## Aim of the task
Nothing but the lines from the start of the entries through the line holding "L'association Dynamic Club" is to be repeated, exactly and with pictures excluded.

## Exercise data
▬▬▬▬▬▬

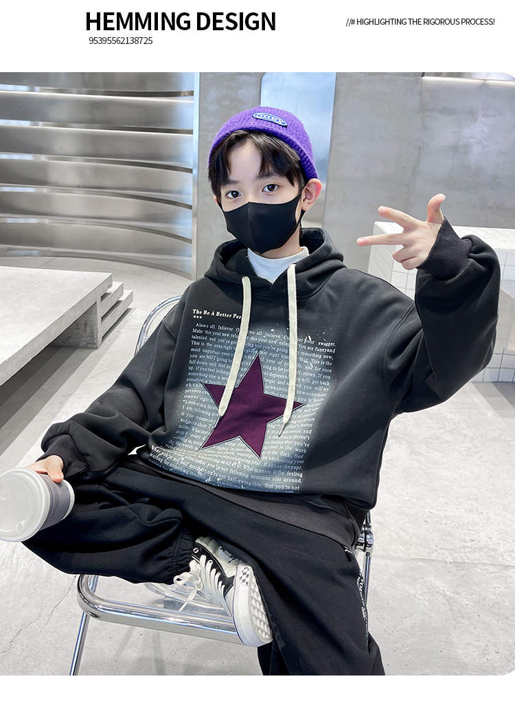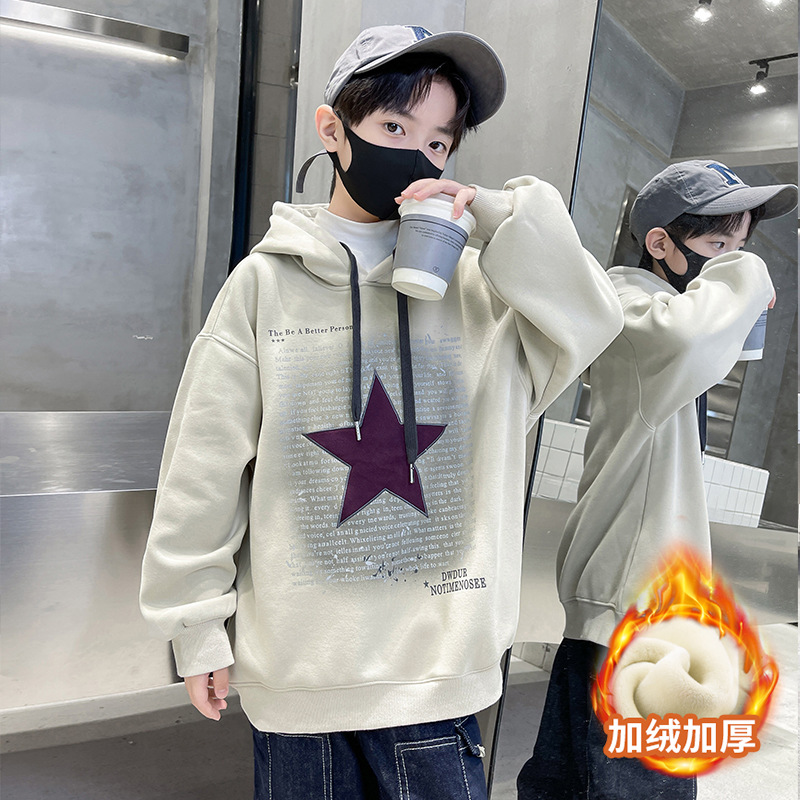 소년 미드 빅 어린이의 새로운 롱 올림픽 그레인 벨벳 북유럽 스타일 아메리칸 스타일 스웨터 어린이 기모 가을과 겨울 캐주얼 탑 두꺼운스토어 가기
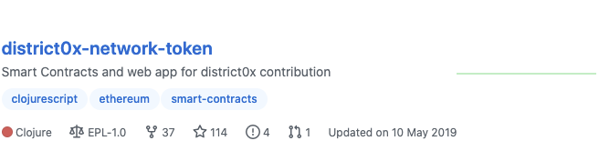올해 업데이트된 프로젝트가 몇 없기 때문에 한번 다 체크해보도록 하겠습니다. 메인프로젝트 district0x-network-token 저장소는 2019년에 개발이 완료된 후 업데이트가 이뤄지지 않는 것을 확인할 수 있습니다. 아마 ICO를 진행하기 위해 2017년에 솔리디티로 토큰개발을 진행한 후 개발이 종료된 모습입니다.
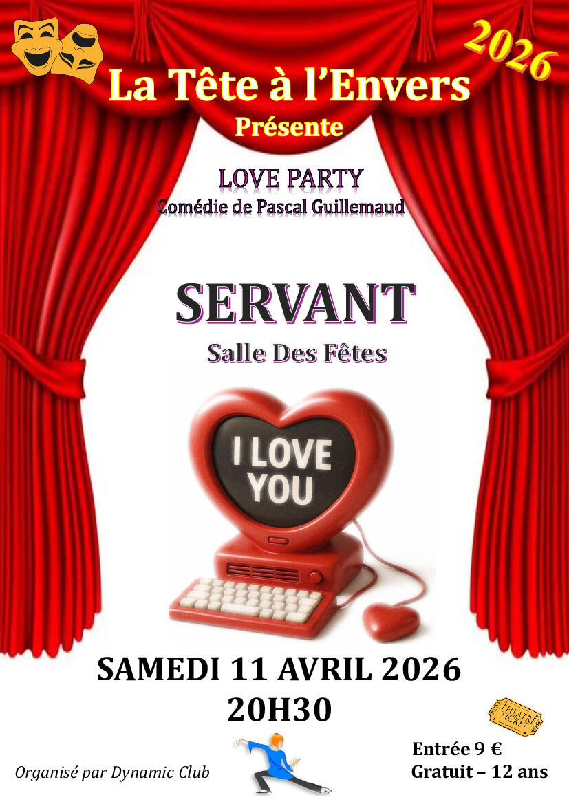 L'association Dynamic Club propose la pièce de théâtre Love party par la Compagnie "La tête à l'envers" samedi 11 avril à 20h30 à la salle des fêtes
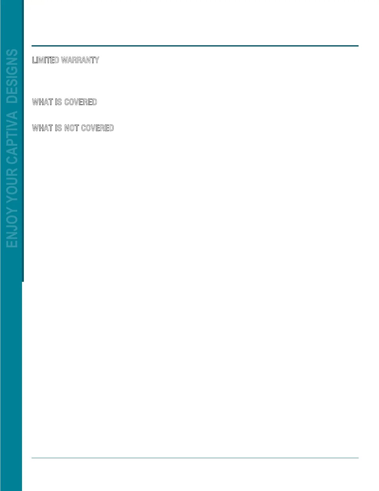 This warranty does not cover commercial use, hardware, acts of nature, re, freezing and abusive.
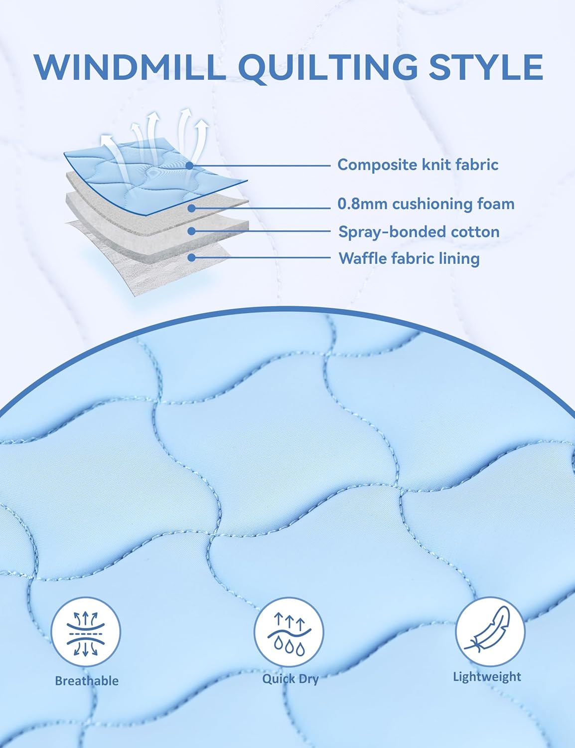 - Non-Slip Stability: Elastic composite fabric surface + 0.8mm high-density sponge interlayer, dual anti-slip technology ensures zero displacement during intense riding; reinforced windmill quilt stitching disperses pressure to prevent fabric deformation.
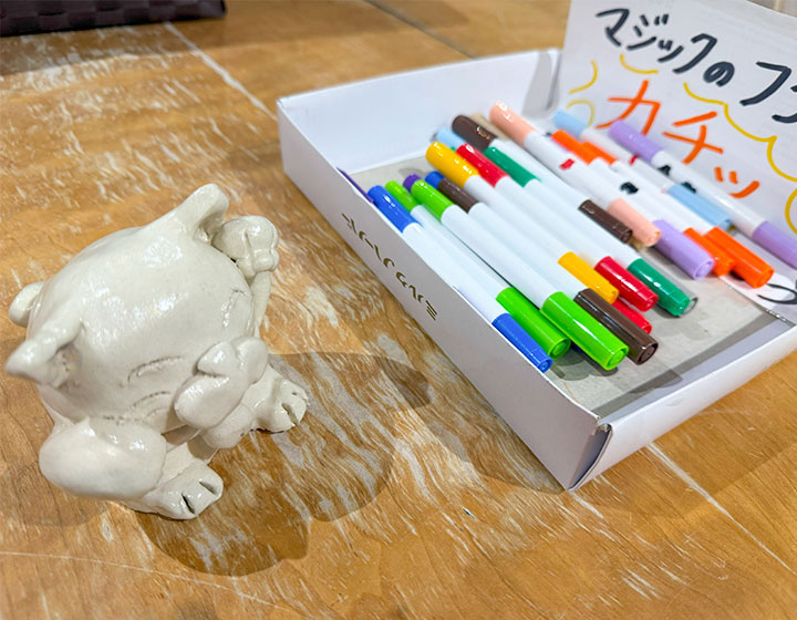 Regarding the maneki-neko, the teacher had told me beforehand, “We’ll fire it with white glaze.” But when I actually went to pick it up, they kindly suggested, “Would you like to try adding some color?”

▬▬▬▬▬▬

## Response box
 소년 미드 빅 어린이의 새로운 롱 올림픽 그레인 벨벳 북유럽 스타일 아메리칸 스타일 스웨터 어린이 기모 가을과 겨울 캐주얼 탑 두꺼운스토어 가기
올해 업데이트된 프로젝트가 몇 없기 때문에 한번 다 체크해보도록 하겠습니다. 메인프로젝트 district0x-network-token 저장소는 2019년에 개발이 완료된 후 업데이트가 이뤄지지 않는 것을 확인할 수 있습니다. 아마 ICO를 진행하기 위해 2017년에 솔리디티로 토큰개발을 진행한 후 개발이 종료된 모습입니다.
 L'association Dynamic Club propose la pièce de théâtre Love party par la Compagnie "La tête à l'envers" samedi 11 avril à 20h30 à la salle des fêtes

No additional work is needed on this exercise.